• What is expected
Filter the entries for the word "Raguvos". Copy each line that has it.

• The records
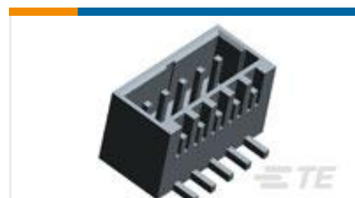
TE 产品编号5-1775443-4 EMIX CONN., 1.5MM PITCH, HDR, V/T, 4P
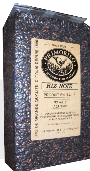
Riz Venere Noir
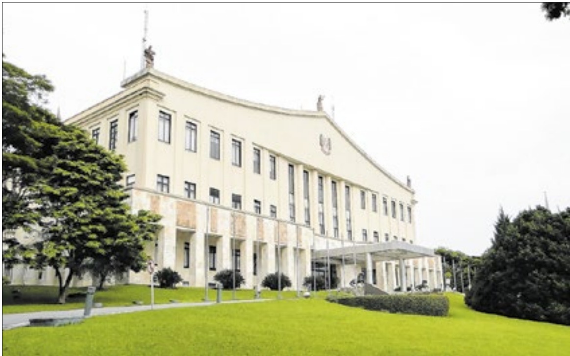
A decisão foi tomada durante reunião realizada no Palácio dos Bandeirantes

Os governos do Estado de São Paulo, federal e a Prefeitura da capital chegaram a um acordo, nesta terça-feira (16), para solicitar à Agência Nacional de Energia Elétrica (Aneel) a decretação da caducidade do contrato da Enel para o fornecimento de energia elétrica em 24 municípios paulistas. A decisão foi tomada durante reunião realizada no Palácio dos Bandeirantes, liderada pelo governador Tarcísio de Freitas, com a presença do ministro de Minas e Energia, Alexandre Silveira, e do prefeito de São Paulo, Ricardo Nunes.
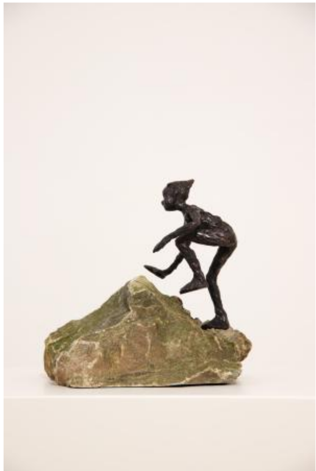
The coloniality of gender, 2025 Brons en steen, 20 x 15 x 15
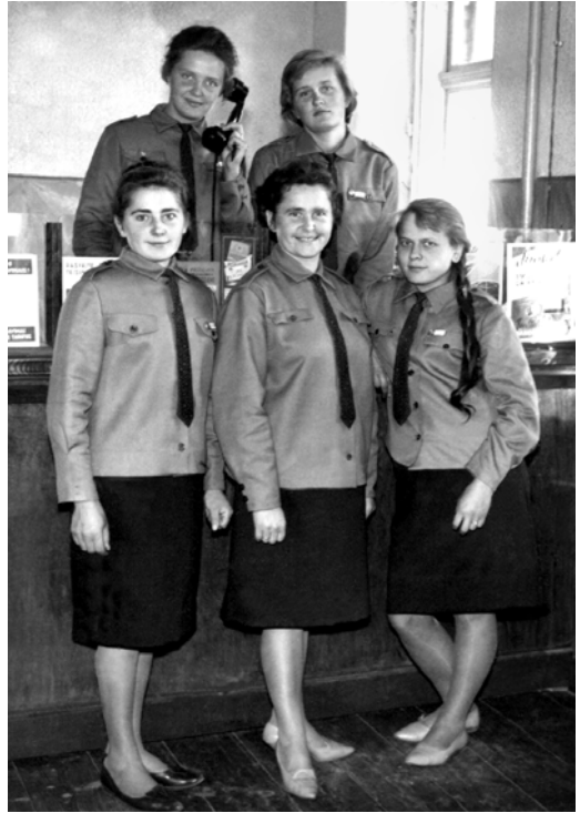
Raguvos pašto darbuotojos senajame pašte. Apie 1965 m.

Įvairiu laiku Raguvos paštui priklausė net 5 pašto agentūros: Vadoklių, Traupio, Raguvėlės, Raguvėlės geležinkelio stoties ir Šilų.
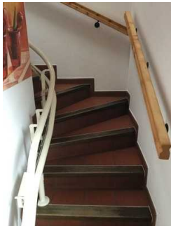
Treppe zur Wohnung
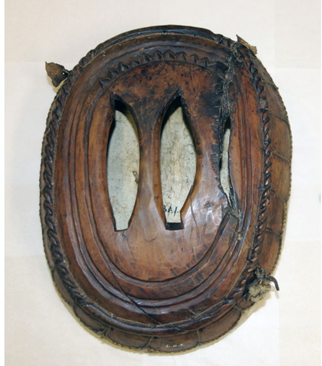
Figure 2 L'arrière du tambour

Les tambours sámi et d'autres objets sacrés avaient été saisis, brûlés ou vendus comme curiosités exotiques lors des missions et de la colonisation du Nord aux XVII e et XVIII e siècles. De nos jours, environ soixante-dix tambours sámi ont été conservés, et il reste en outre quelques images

• Task result
Raguvos pašto darbuotojos senajame pašte. Apie 1965 m.
Įvairiu laiku Raguvos paštui priklausė net 5 pašto agentūros: Vadoklių, Traupio, Raguvėlės, Raguvėlės geležinkelio stoties ir Šilų.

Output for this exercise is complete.